In August, the ABX.HE.A indices recovered 28.4% before the Fed-rate cut; after the cut, they resumed their downward trend. Even so, the recovery of the "A" class relative to the "BBB" & "BBB-" classes demonstrates the market's changing perception of different bonds' worth in the capital structure. The ABX.HE.BBB- indices recovered on average 6.64% during the same period and fell more dramatically after the rate cut. Those movements provide useful insight into the future values of mortgages underlying the reference obligations of the ABX.HE indices. The recent ABX.HE.BBB- prices seem to indicate plummeting confidence in the value of the more subordinate bonds in the ABX.HE index, while there is increased trading at the A level.

The biggest concern among ABS investors centers on adjustable-rate mortgages, especially for borrowers facing their first resets in the coming quarters. This concern comes during a soft housing market, when more stringent lending practices have been put in place. Some research reports have estimated that more than $400 billion of subprime adjustable-rate mortgages will reset between the end of 2007 and 2008. Over the past months, increases in foreclosures and delinquencies as well as declines in the prices of the ABX.HE indices have meant a less-than-rosy outlook for the subprime mortgage market.

However, not a single writedown has occurred on any of the ABX subindices thus far. Of the 1,088 subprime deals, issued since the launch of the ABX.HE index that are tracked by Markit RCD, only 3 basis points of the total notional have been written down. Even though there have been no realized losses in any of ABX.HE reference obligations, market participants can still take positions based on projections. The fate of the higher tranches of the ABX.HE indices remains unclear from their recent increase in volatility, notably at the single A level. However, the indices continue to provide market participants with an increased ability to gauge values of subprime mortgages and mortgage-backed securities.

The U.S.'s subprime debacle brought about a global credit crunch this summer with the ABX leading the charge.
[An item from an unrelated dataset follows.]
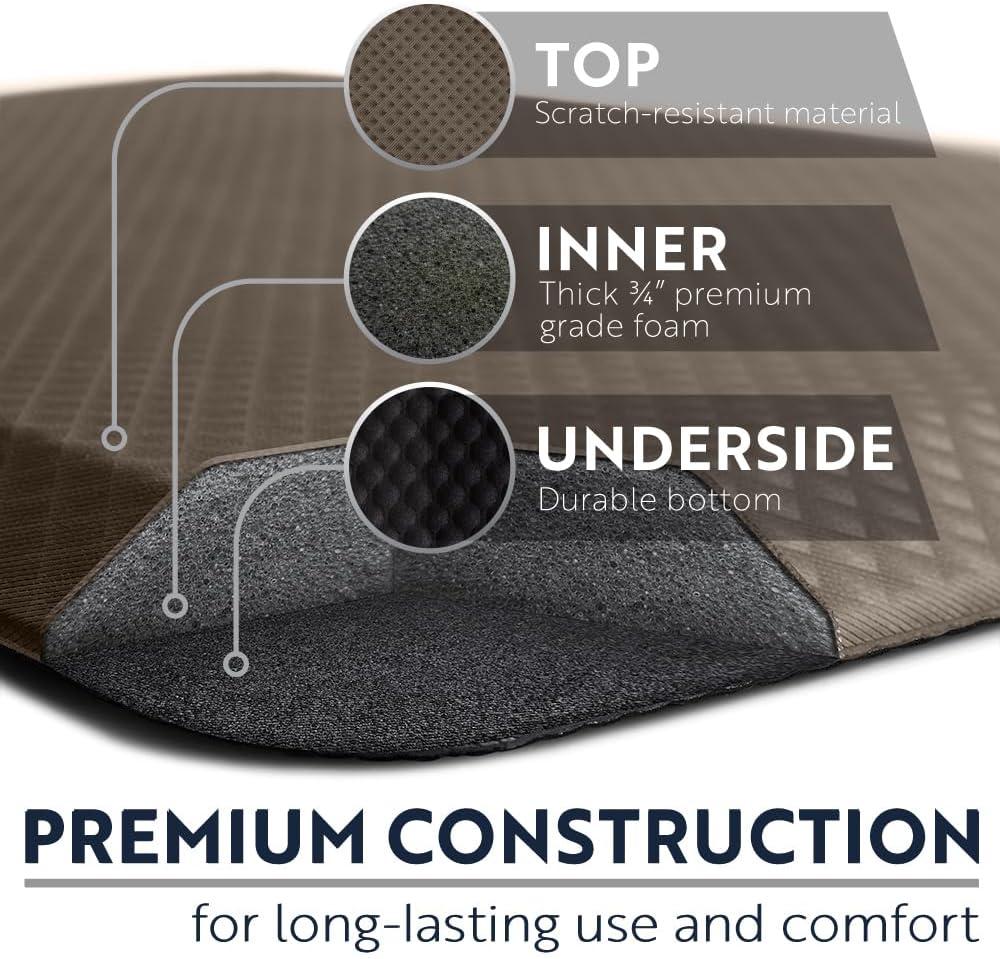 THICK AND SUPPORTIVE CUSHIONING: extra thick, three quarter inch foam mat is extremely comfortable and engineered to help keep you supported; premium foam inner layer for strong rebound and maximum support; your feet will thank us later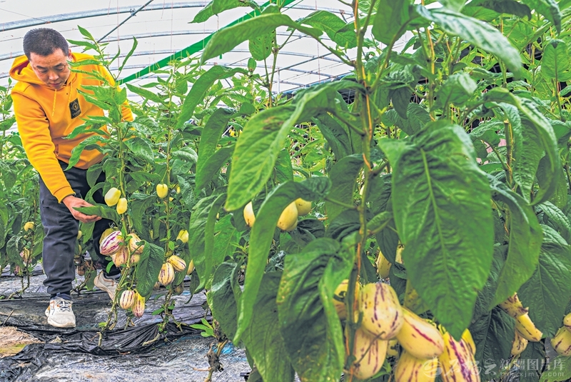 1月20日,种植户在管护人参果。眼下,库尔勒市英下乡其兰巴格村现代设施产业园种植的人参果进入盛果期,预计2月中旬上市销售。□韩峻摄

Subordinate tranches of the 06-2 and 07-1 series have lost over 75% of their value since the end of May. Even with the Fed rate cuts, the ABX free fall continues, particularly for the lower-rated tranches. Early signals surfaced in February, a month in which prices of the ABX BBB- tranches plunged more than 20%. Shareholder values of subprime mortgage lenders declined in the subsequent weeks, with the stock price of Accredited Home Lenders Holding Corporation dropping just more than 80% between February month-end and the mid-March low.

ABX.HE acts as a vehicle for investors to hedge their subprime exposure and express their views on the subprime market using a liquid and transparent instrument. The recent performance of the ABX does not bode well for the subprime mortgage market, but, of course, time will tell. For now, the ABX.HE index is the weatherman of the subprime mortgage market, and it's forecasting a rough storm ahead.